We got into Chiang Mai around 4, wandered around, found a nice hotel just off the main street, and then met Iris and Tobias at 7 for dinner. We were going to go see King Kong as well, but time was against us, so we just ate and chatted until about midnight. We drank at a bar that was set up at a random spot on the street, and were halfway through our drinks when a student protest began against the signing of an FTA between Thailand and China. There were about fifteen students, some of whom were Muslim, and they were planning an six-hour protest. A little action is better than no action, and at least they could even think about protesting, unlike in Laos or Vietnam, where the slightest thought against any government principles would involve police intervention.

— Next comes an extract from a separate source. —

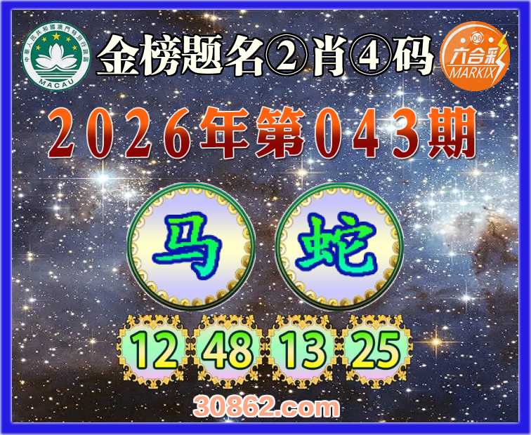 043期: 金榜题名 ②肖④码【马】【12.48.13.25】开:蛇13

Oh, I should say something about Thailand as well. It’s great. I like it a lot. I like it a lot, a lot, a lot. In fact, I love it. There’s so much life and spirit here, and the people are wonderful. There are markets everywhere, and people busking with traditional music and instruments. And there’s franchises again! Yay! I never thought I’d be happy to see a franchise, but it’s nice seeing an old bit of home in a foreign country. Or something. Okay, maybe we just spent too long in communist countries. But Thailand is incredible. We’re going to wander around Chiang Mai today and then do an elephant trek tomorrow. And we’re going to buy James a new camera lens. And eat. Lots and lots and lots of Thai food.